→ Problem requirements: All of the data goes into your copy exactly as written. Images do not.

(Dataset entries)

:::::

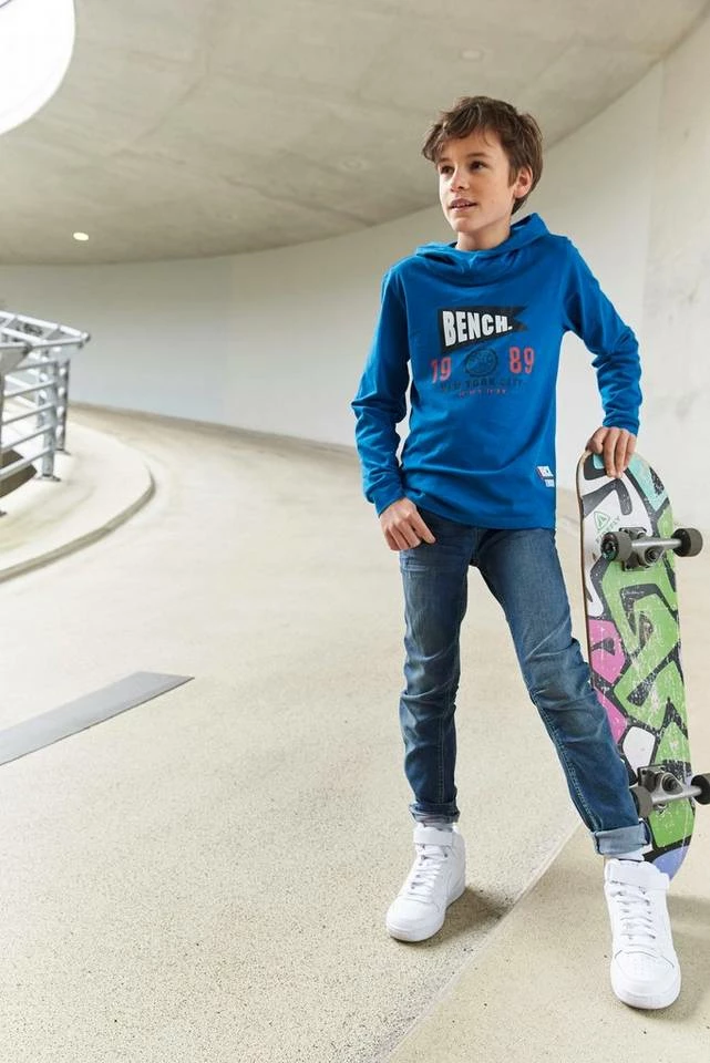 Das Langarmshirt von Bench. ist ein stylisches Essential, um den persönlichen Stil zu finden. Es wirkt mit dem Aufdruck peppig und dynamisch. Eine Kapuze ist bei diesem Shirt angesetzt. Sie ist gefüttert und dadurch warm und kuschelig. Es ist basic geschnitten, sodass die Bewegungsfreiheit nicht leidet.
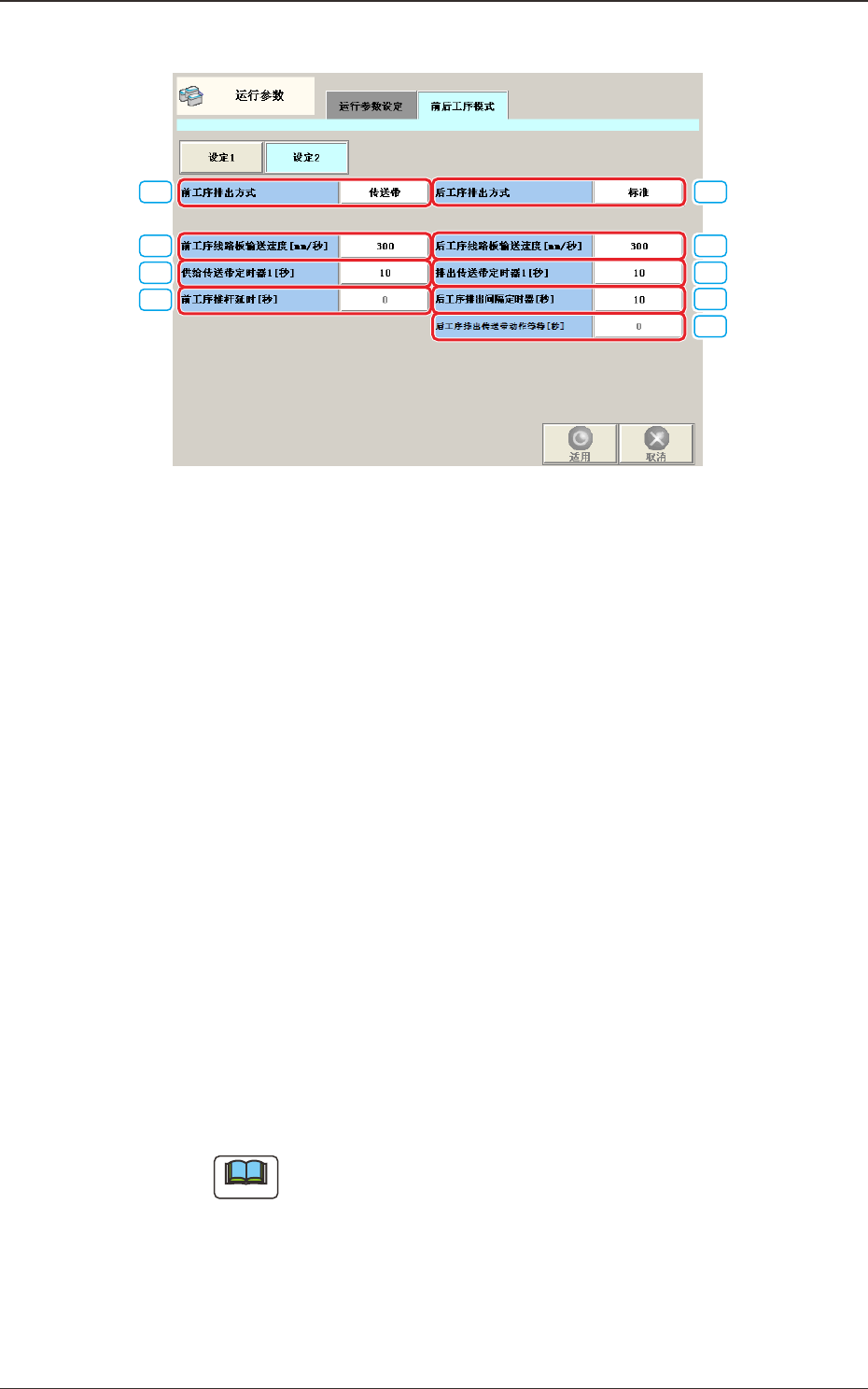 设定后工序与线路板授受中排出传送带的动作限制时间。
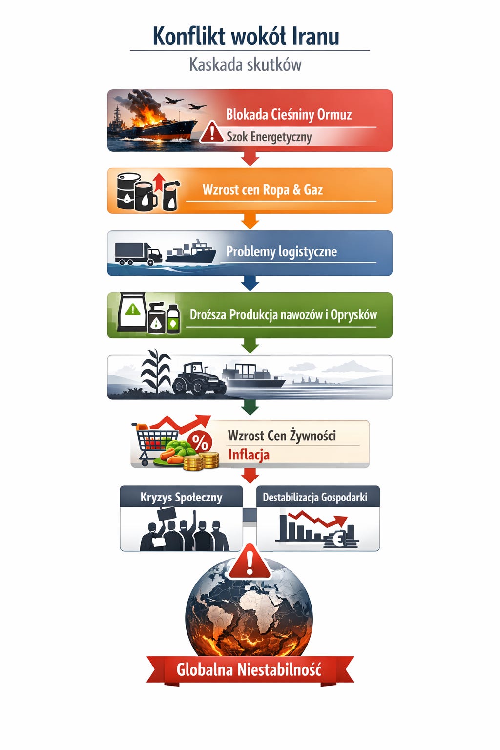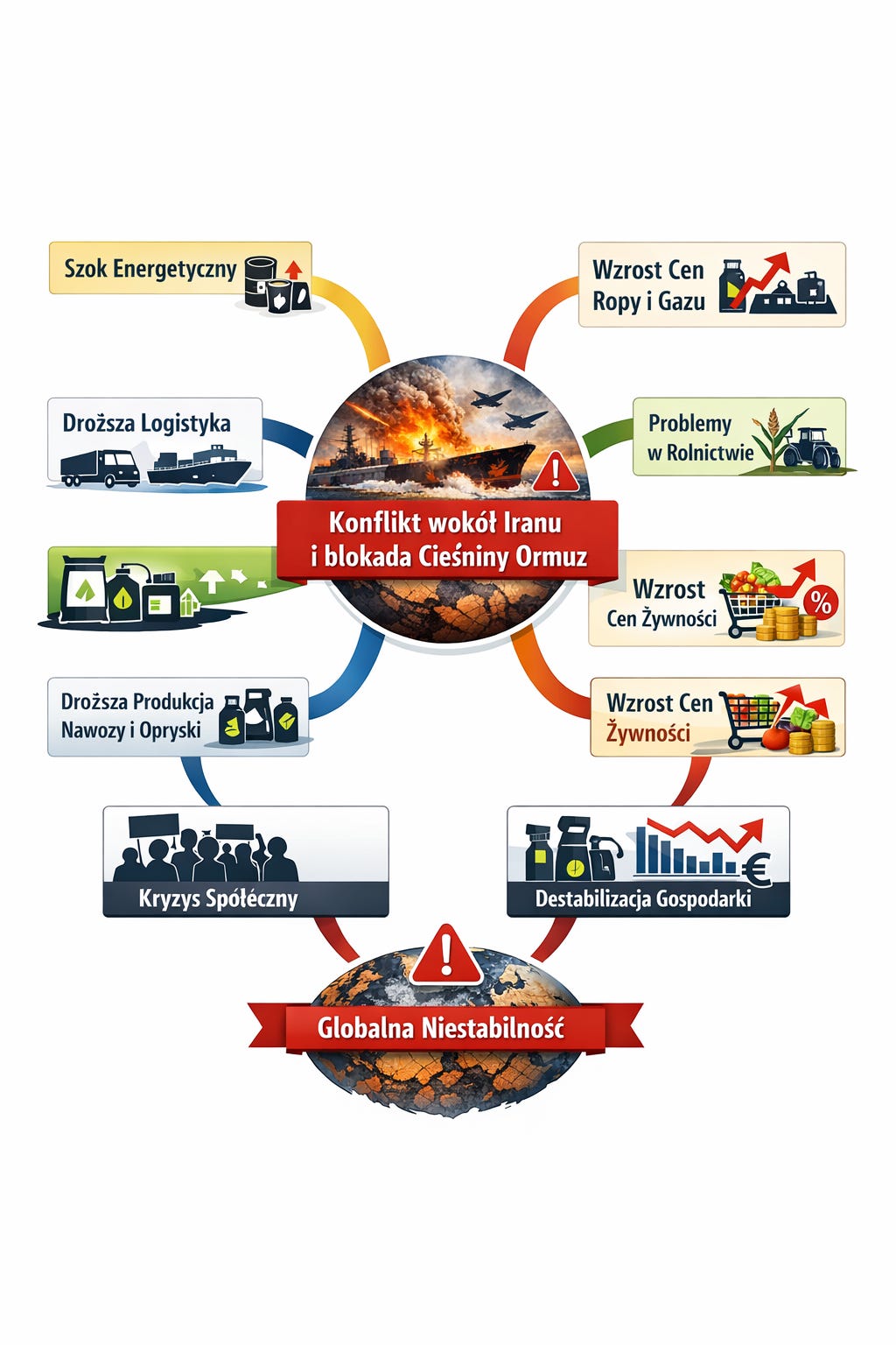 W rezultacie konflikt wokół Iranu i ryzyko blokady Ormuzu mogą stać się długotrwałym źródłem globalnej niestabilności, wpływając na energię, rolnictwo, inflację, politykę gospodarczą i bezpieczeństwo żywnościowe na wiele lat.
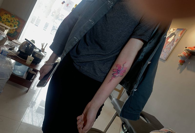 《送你一朵小红花》纹身图片_手臂水彩纹身图案
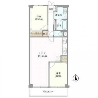 | 間取り | 2LDK | 専有面積 | 61.60m2(18.6坪) 壁芯 |

:::::

→ Exercise result:
 Das Langarmshirt von Bench. ist ein stylisches Essential, um den persönlichen Stil zu finden. Es wirkt mit dem Aufdruck peppig und dynamisch. Eine Kapuze ist bei diesem Shirt angesetzt. Sie ist gefüttert und dadurch warm und kuschelig. Es ist basic geschnitten, sodass die Bewegungsfreiheit nicht leidet.
 设定后工序与线路板授受中排出传送带的动作限制时间。
 W rezultacie konflikt wokół Iranu i ryzyko blokady Ormuzu mogą stać się długotrwałym źródłem globalnej niestabilności, wpływając na energię, rolnictwo, inflację, politykę gospodarczą i bezpieczeństwo żywnościowe na wiele lat.
 《送你一朵小红花》纹身图片_手臂水彩纹身图案
 | 間取り | 2LDK | 専有面積 | 61.60m2(18.6坪) 壁芯 |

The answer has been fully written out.